As I have written about previously, my husband, Dr. Christopher Stonebanks, has traveled each spring to Malawi, Africa to live in the village of Makupo. It is indeed one of the poorest places on earth, with no running water or electricity but home to a wonderful people who indeed do deserve the title of “The Warm Heart of Africa” by which Malawi is appropriately known.
This is the fifth year that Christopher has taken students for five weeks in order to engage in research. To read about how this project came to be, I invite you to read this post. It is a journey of unexpected twists and turns and has been an authentic example of lifelong learning. There have been celebrations and tears along the way. And as in any exemplary classroom, whether it lives inside a building or out over the garden wall, collaboration, commitment and lasting collegiality have been developed, fostered and maintained.
This year’s group of eleven students include a wonderful combination from Bishop’s University, two groups of students from McGill University as well as students from Champlain College. Take a minute to introduce yourself to this amazing team of young academics and future teachers. Read a bit about who they are, where they come from and what their aspirations are for their time in this tiny village in Sub-Saharan Africa. I am always so impressed by the quality and diversity of students that are attracted to this type of experiential learning. It is an endeavour that takes them away from the comforts and security of home and thrusts them headfirst into the unsettling environment of the unknown and culture shock.
For the first time, each of the Praxis Malawi team members has been chronicling their personal and professional journeys by means of a blog – this one. Narratives of learning the local language, cooking with the ladies, brushing teeth under a starry sky and fighting off large and hungry insects are interspersed with reflections on interviews with Malawian teachers and residents, challenges of creating a curriculum that will support the needs and wishes of the community as well as navigating through the stages of culture shock that each one experiences in their own way can be found here.
I urge you to visit the blog and discover more about this wonderful project and all the incredible adventures the students have been up to. If you have time to leave a comment or two, I am sure it will do wonders to encourage them along their journey. There is nothing more reassuring to one who is “out in the field” than to receive a note from home reinforcing the notion that all their struggles and efforts as well as their successes have been recognized by a peer, a mentor or simply an advocate.
I as well, have an invitation to offer those of you who might be moved into wanting to participate in this type of humanitarian association. As this will be a project that will continue over many years, we are looking for support by means of a Professional Learning Community. I have set one up through LEARN and what I am hoping for is to have people from all corners of the education community here assist in the building of this new school. Through this PLC, you will be linked to the online community and free to offer support by means of links to resources, suggestions, direction or inspiration. This is so crucial when building curriculum.

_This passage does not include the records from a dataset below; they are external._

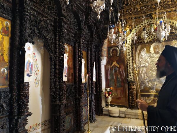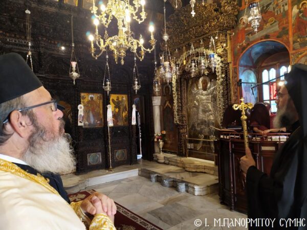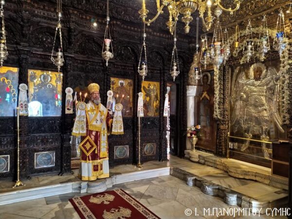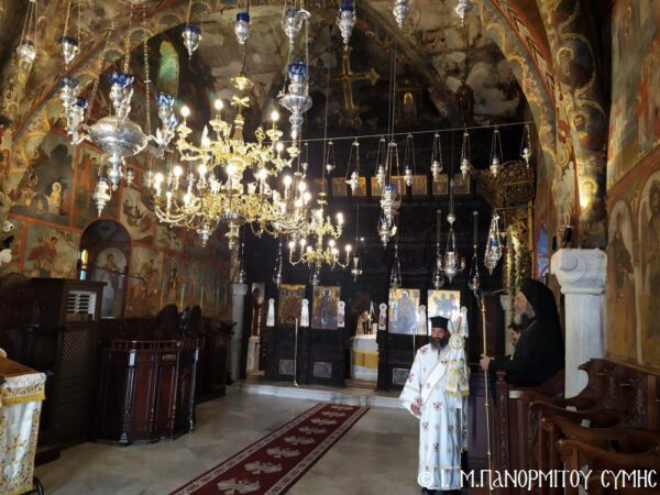 Την Ακολουθία του Όρθρου και τη Θεία Λειτουργία τέλεσε την Κυριακή του Παραλύτου, 10 Μαΐου 2020 στην Ιερά Μονή Ταξιάρχου Μιχαήλ του Πανορμίτου ο Σεβασμιώτατος Μητροπολίτης Σύμης, Τήλου, Χάλκης και Καστελλορίζου κ. Χρυσόστομος.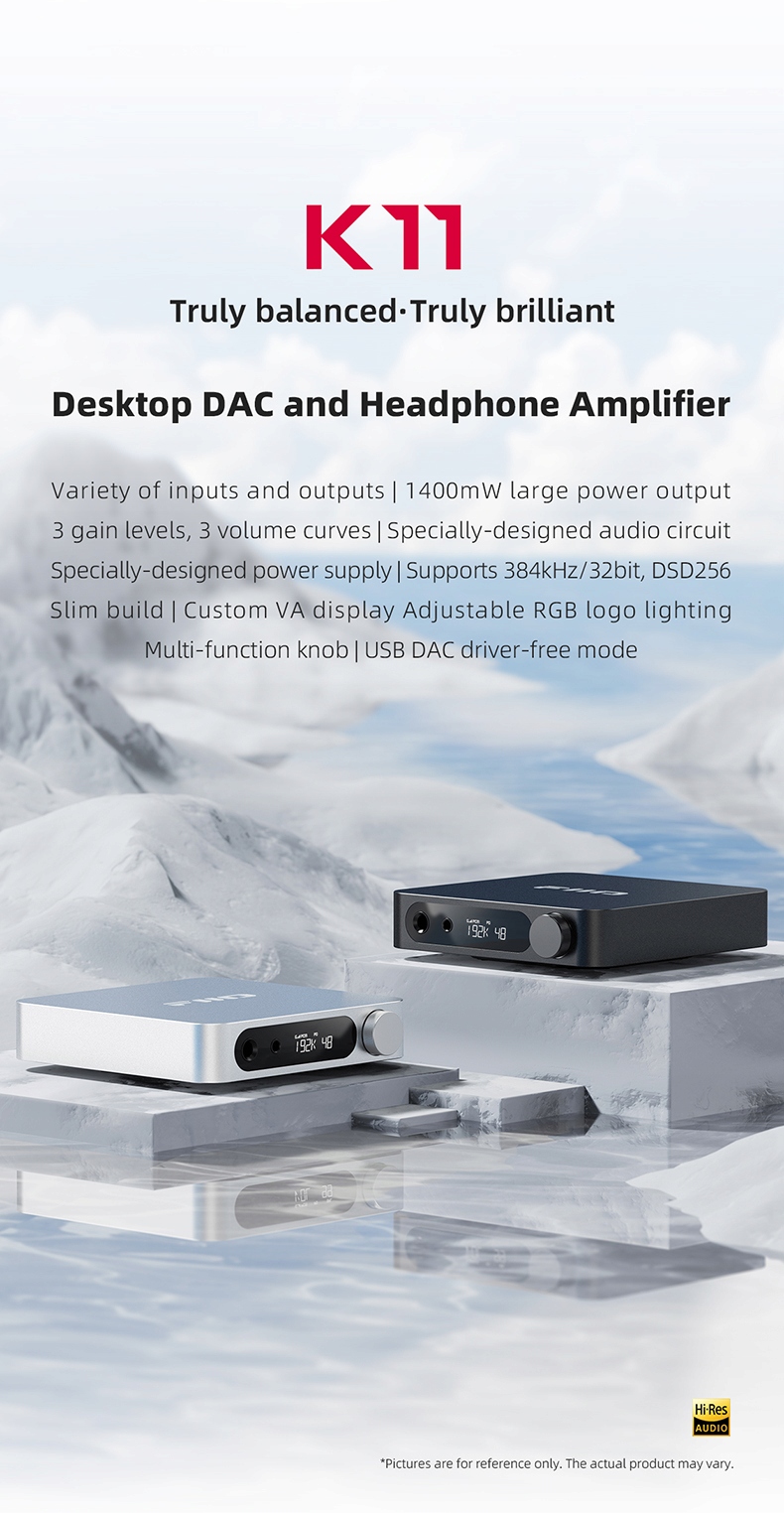 K11 имеет 3 отдельных уровня усиления, каждый со своей кривой громкости. Это позволяет K11 обеспечить лучшее качество прослушивания с различными типами наушников, независимо от того, используете ли вы чувствительные наушники или более сложные в использовании полноразмерные наушники.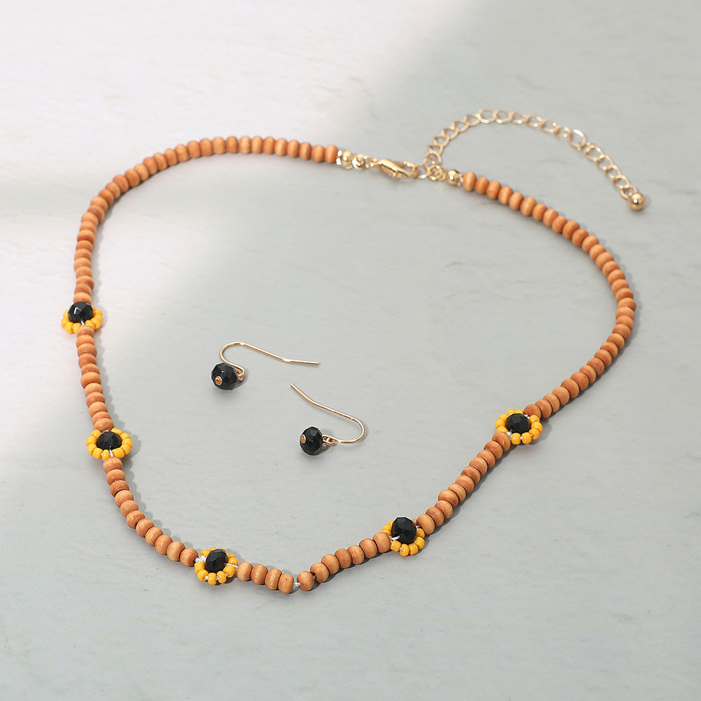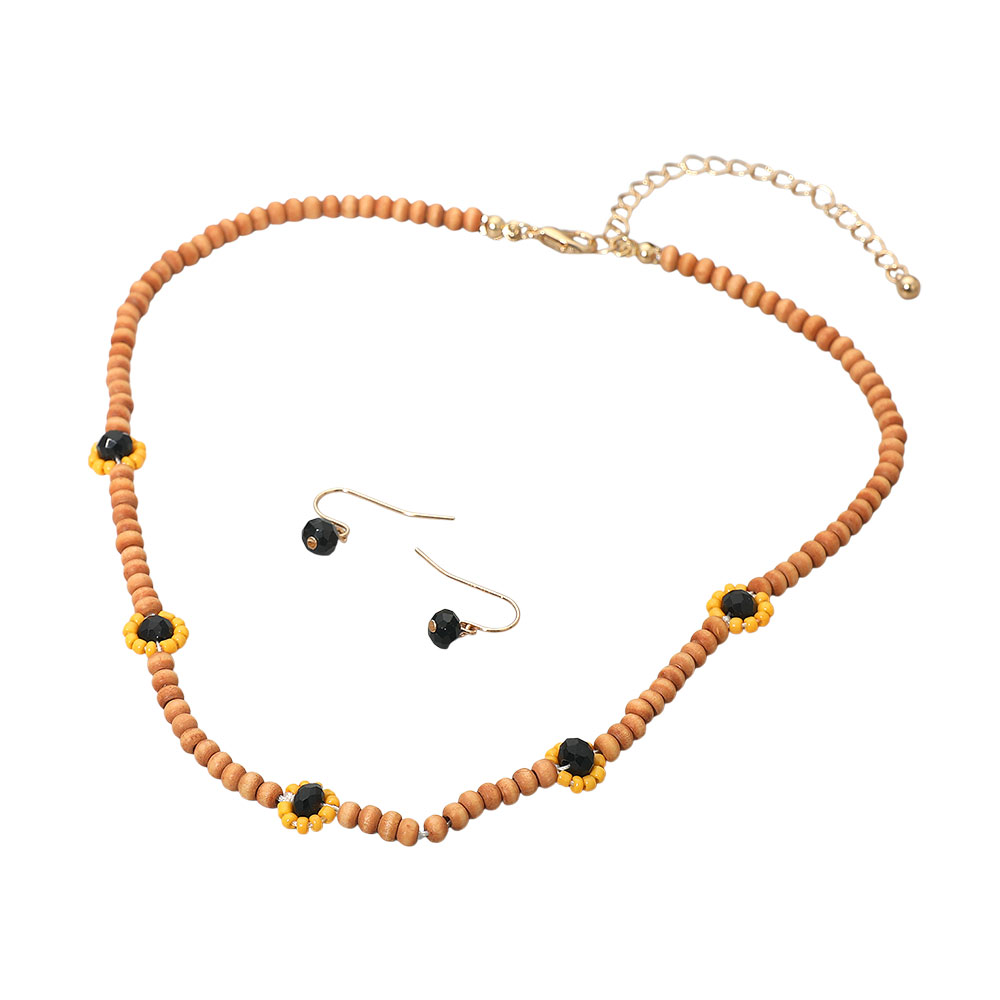 Faceted Floral Accent Wooden Beaded Necklace Faceted Floral Accent Wooden Beaded Necklace Faceted Floral Accent Wooden Beaded Necklace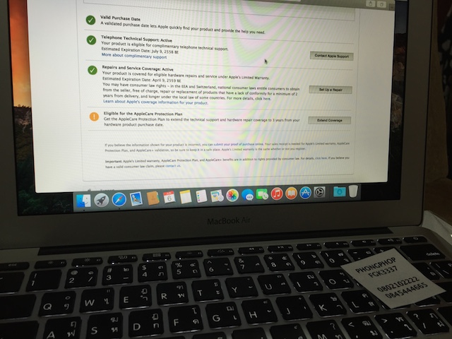 ขาย macbook air 11" 2015 อายุ2เดือน อุปกรณ์ครบยกกล่อง 26900 บาท

In the fall, we will be hosting a LEARN web event that will highlight ways that schools can connect with and learn about another school half way around the world. Rich curricular ideas and activities to build global citizenship and social awareness as well as develop reciprocal and sustainable learning will be featured. If you think you and you class might be interested joining and supporting Praxis Malawi send me an email at firstname.lastname@example.org and we can discuss the multiple possibilities for involvement. Please pass along the link to the blog and the invitation to the PLC to anyone who you think might be interested.
The old adage “It Takes a Village” really does ring true here. And the beautiful thing is that with the voice and direction coming from the village of Makupo, Malawi we are simply joining in on the conversation.